§ **Your instructions**
Beginning with the line that holds "Этот текст не", copy each line to the end of the records exactly, except the pictures.

§ **Records for the task**
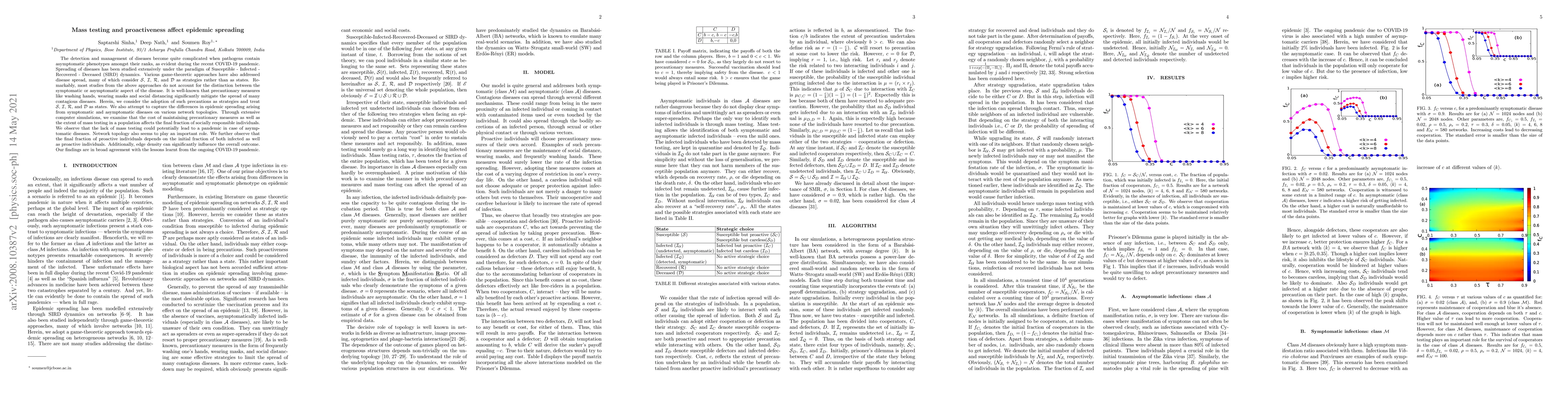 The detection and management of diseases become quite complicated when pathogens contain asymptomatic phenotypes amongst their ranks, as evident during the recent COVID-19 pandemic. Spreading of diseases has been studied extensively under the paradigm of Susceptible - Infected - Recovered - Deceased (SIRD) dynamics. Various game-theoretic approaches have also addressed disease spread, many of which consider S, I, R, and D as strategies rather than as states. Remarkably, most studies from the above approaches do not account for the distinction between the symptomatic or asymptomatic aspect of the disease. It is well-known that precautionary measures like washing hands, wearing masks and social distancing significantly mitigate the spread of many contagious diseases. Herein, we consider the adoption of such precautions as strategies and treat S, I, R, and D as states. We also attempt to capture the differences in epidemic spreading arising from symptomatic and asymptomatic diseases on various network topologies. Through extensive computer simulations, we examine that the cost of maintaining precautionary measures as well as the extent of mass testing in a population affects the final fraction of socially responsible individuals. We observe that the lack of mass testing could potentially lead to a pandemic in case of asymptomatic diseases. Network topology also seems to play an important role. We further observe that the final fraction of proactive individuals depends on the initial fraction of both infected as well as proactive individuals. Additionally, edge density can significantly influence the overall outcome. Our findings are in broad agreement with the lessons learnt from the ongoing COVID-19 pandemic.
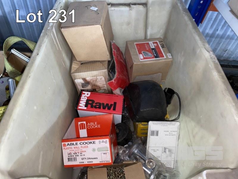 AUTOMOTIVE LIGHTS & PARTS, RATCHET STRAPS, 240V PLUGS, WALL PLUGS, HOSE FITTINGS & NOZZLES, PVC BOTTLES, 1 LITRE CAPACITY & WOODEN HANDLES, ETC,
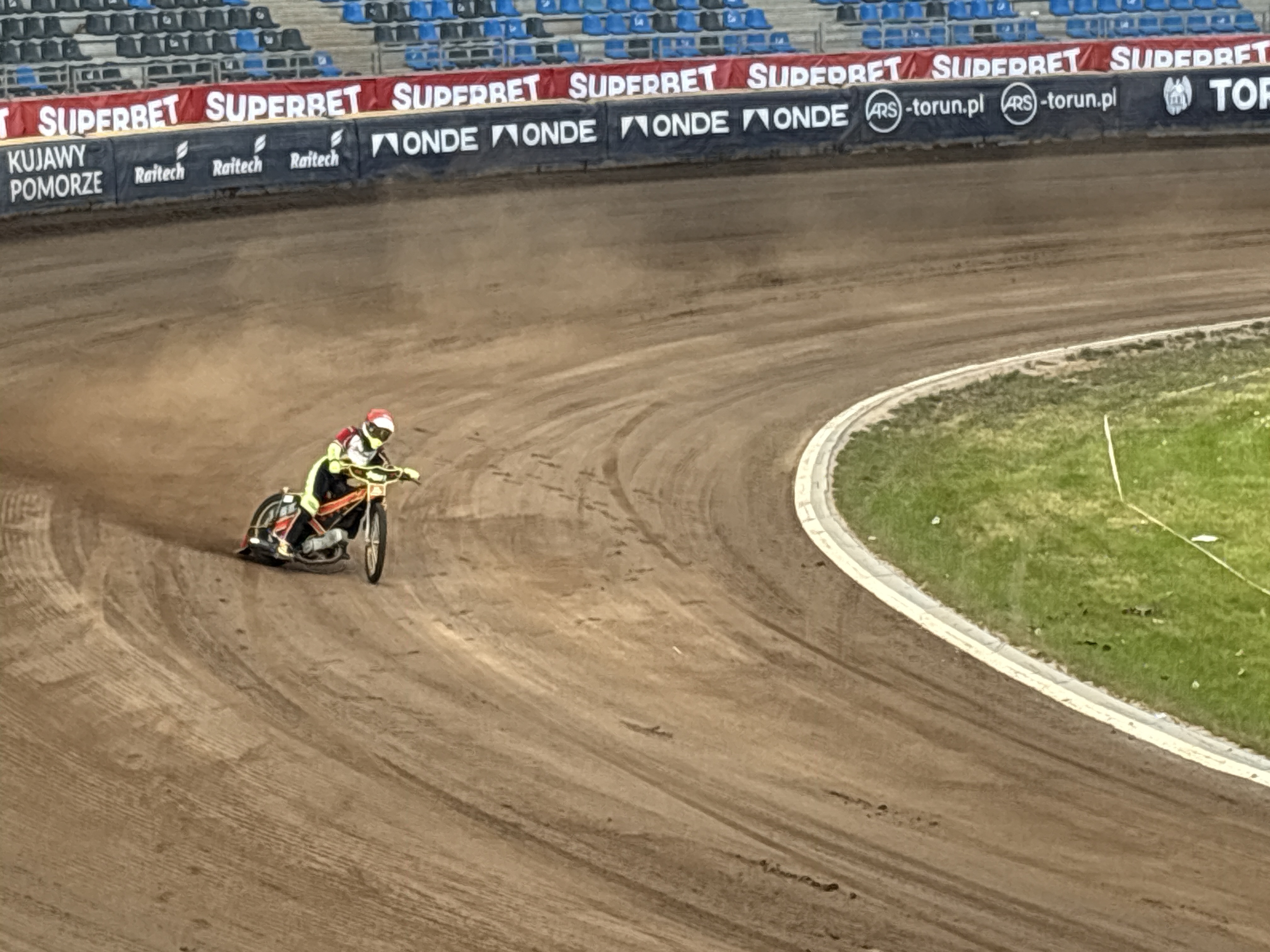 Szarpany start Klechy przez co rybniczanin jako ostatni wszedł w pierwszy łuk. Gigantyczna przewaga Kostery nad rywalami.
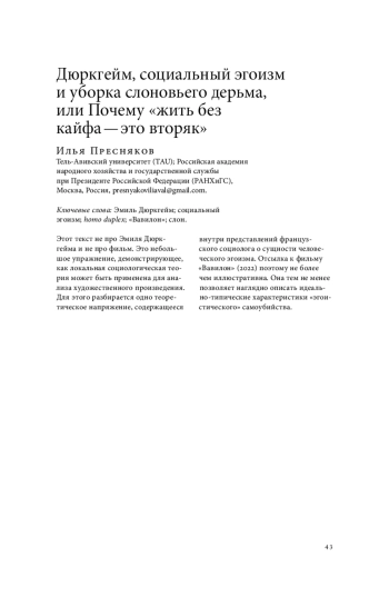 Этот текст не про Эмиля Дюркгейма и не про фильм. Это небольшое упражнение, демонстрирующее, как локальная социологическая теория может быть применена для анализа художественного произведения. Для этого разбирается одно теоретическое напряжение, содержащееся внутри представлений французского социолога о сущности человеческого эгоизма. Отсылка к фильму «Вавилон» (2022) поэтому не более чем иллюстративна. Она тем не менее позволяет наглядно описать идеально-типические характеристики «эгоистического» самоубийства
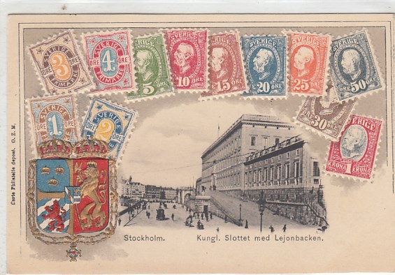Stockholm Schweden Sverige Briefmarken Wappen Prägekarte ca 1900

§ **Answer to the exercise**
 Этот текст не про Эмиля Дюркгейма и не про фильм. Это небольшое упражнение, демонстрирующее, как локальная социологическая теория может быть применена для анализа художественного произведения. Для этого разбирается одно теоретическое напряжение, содержащееся внутри представлений французского социолога о сущности человеческого эгоизма. Отсылка к фильму «Вавилон» (2022) поэтому не более чем иллюстративна. Она тем не менее позволяет наглядно описать идеально-типические характеристики «эгоистического» самоубийства
Stockholm Schweden Sverige Briefmarken Wappen Prägekarte ca 1900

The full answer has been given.